Since this treat is chewy, it is sort of like a candy, but also like a very chewy cookie. It _does_ use only honey as the sweetener.

I got the recipe from one of my Amish neighbors.

Carob Whispies

1/2 cup butter
1/2 cup milk
2/3 cup honey
1/2 cup carob

Boil five minutes

Add:

1/2 tsp vanilla
2 1/2 cups rolled oats
Drop teaspoonfulls onto waxed paper. Chill.


MM


----------



## summer1052 (Oct 21, 2007)

You need to talk to one of the chefs here on the forum for details, but . . . 

The reason you see honey + sugar in so many recipes has to do with the physics of candy making. Honey tends to stay in a 'plastic' state until crystalization occurs, or is augmented, as in creamed honey. 

Sucrose, dextrose, etc., change when they are heated, and become 'plastic' , caramel, or hard -- and then retain those forms.

Trying to get any ingredient to do something it is not made to do results in problems, unless you introduce something that will have those properties. Even too much vanilla extract can screw up baking and candy making -- not because of the vanilla, but because of the carrier -- alcohol or glycerin.

Good luck, and if you find a good recipe, post it!
Summer


----------



## doublechallenge (Mar 4, 2008)

*100% Honey Disks*

The National Honey Board has prepared a recipe for 100% honey disks (used to flavor tea, coffee, etc.). The equipment is expensive and the final product is not shelf stable without vacuum packaging. You can get the contact info. for the National Honey Board at www.nhb.org. Charlotte Jordan is in charge of their new products. Feel free to email me if you need more info - www.atlantabeefactory.com


----------



## ScadsOBees (Oct 2, 2003)

My wife has tried to make candy with honey, and so far it hasn't worked. The problem with most candies is like summer said, they need to be heated until they get to a harder stage (soft ball, hard ball, soft crack, hard crack) and honey doesn't cooperate, I'd guess because it is more fructose and less sucrose. But then again a lot of recipes use corn syrup, so I don't know.
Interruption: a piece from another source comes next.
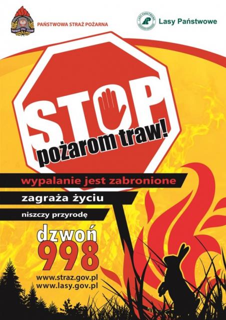 Przełom zimy i wiosny to okres, w których wyraźnie wzrasta liczba pożarów traw na łąkach i nieużytkach rolnych. Spowodowane jest to wypalaniem suchych traw i pozostałości roślinnych. Obszary zeszłorocznej wysuszonej roślinności stanowią doskonały materiał palny, co w połączeniu z działalnością ludzi skutkuje gwałtownym wzrostem pożarów (największa liczba pożarów traw przypada na marzec i kwiecień).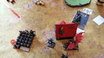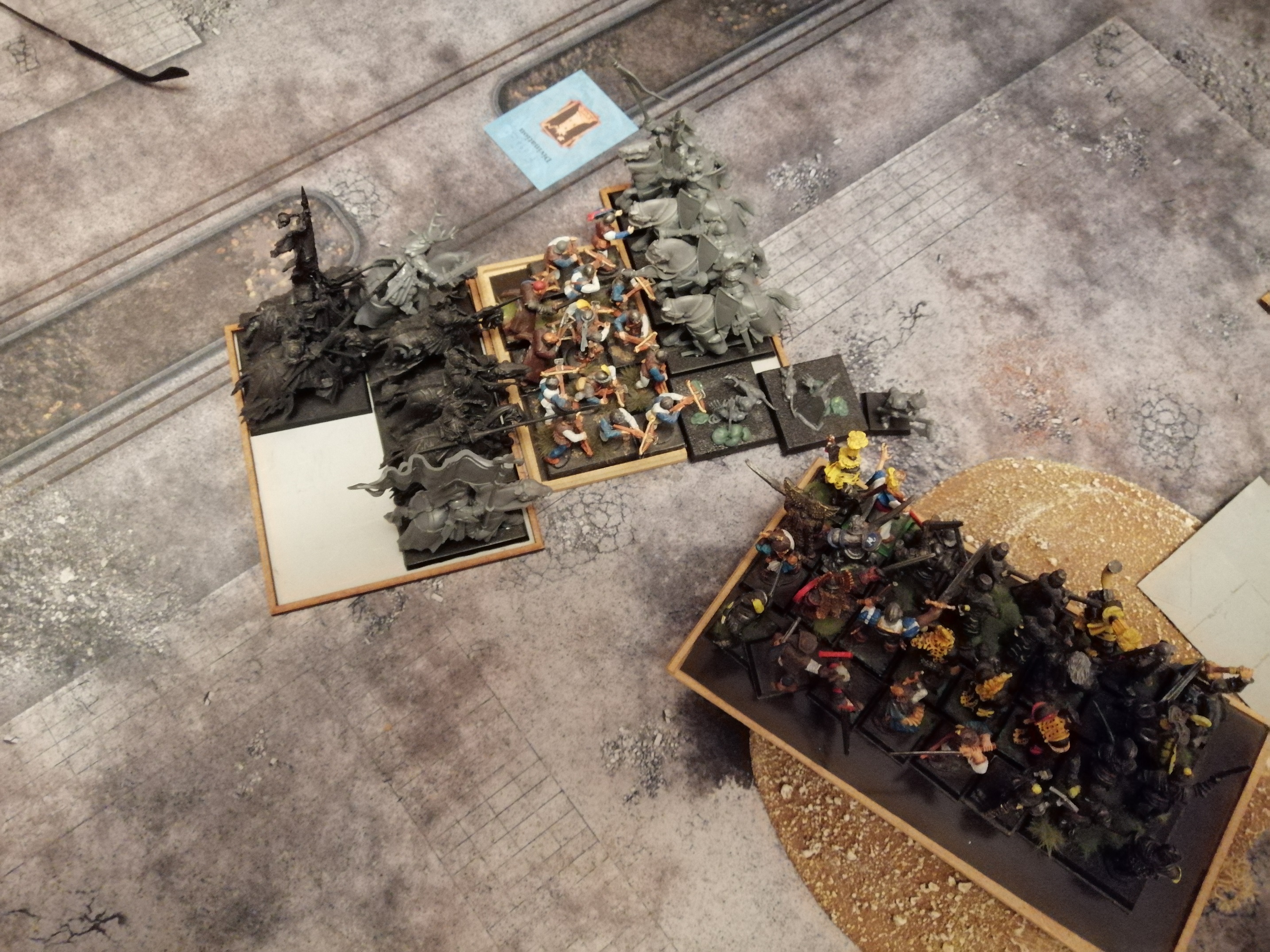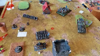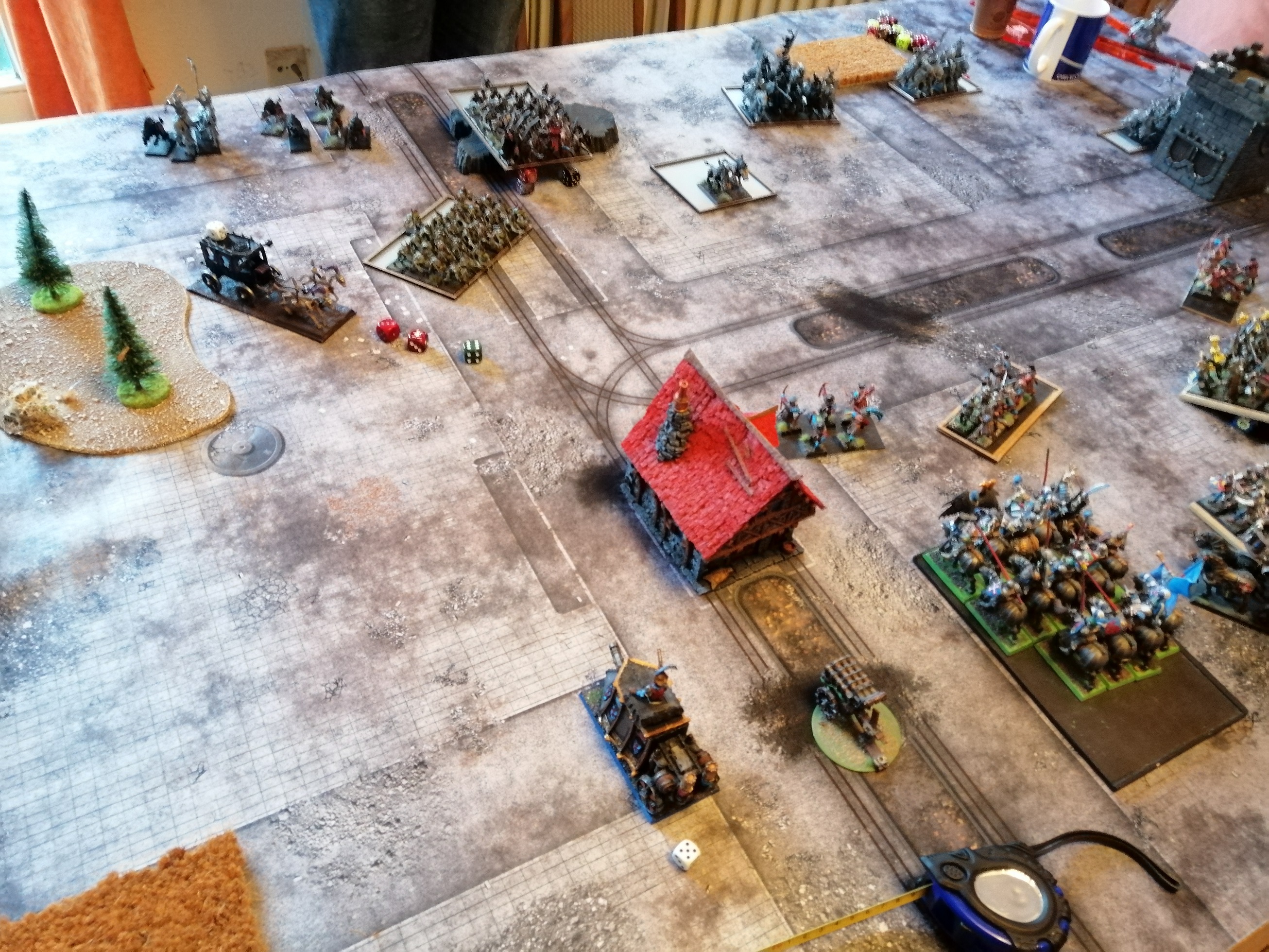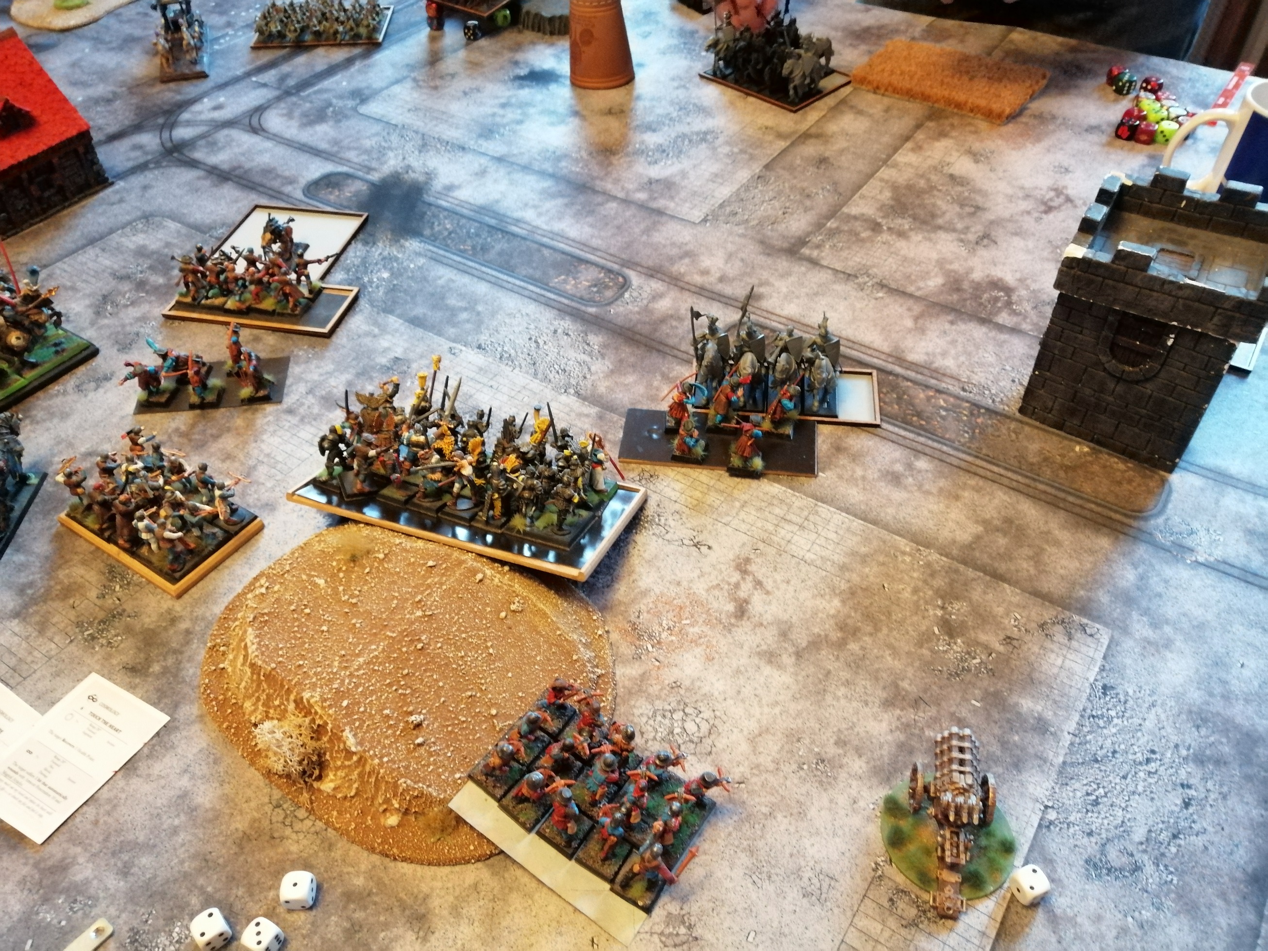 Meine Ritter erschlagen ihn daraufhin, aber er hat seiner Armee Zeit erkauft und für mich gibts keine rerolls mehr.

If you try to get it to that stage it will burn. So you can make caramels with it. But not peanut brittle.

If somebody has a recipe that does work, my wife would love to have it too.

Rick


----------



## Troy (Feb 9, 2006)

Has anyone out there tried to make an old fashioned rock candy out of honey?

I was wondering if you gently heated the honey so that all crystals were dissolved and then introduced a string or stick with sugar crystals on it if the honey wouldn't start to crystallize on the stick and make a honey rock candy kind of thing.

I've never tried this, I'm just looking for ideas.


----------



## berkshire bee (Jan 28, 2007)

*honey-molasses suckers*

My wife used to make these all of the time and everyone loved them
1/4 cup blackstrap molasses
1/4 cup honey

Cook to hardball stage

For brittle candies, pour thin layer onto a greased cookie sheet, let cool and break into pieces and wrap in waxed paper

For more taffy-like, pour into greased soup bowl. 
When it's just cool enough to pick up, pick up and pull into thick strand, fold over and repeat until it's almost cool, Then pull into long strand about as thick as your pinkie and cut into sections.


----------



## Dick Allen (Sep 4, 2004)

MapMan, try substituting peanut butter for the butter or keep the butter and add a 1/2 cup peanut butter to the recipe you posted. I think you'll like it.


----------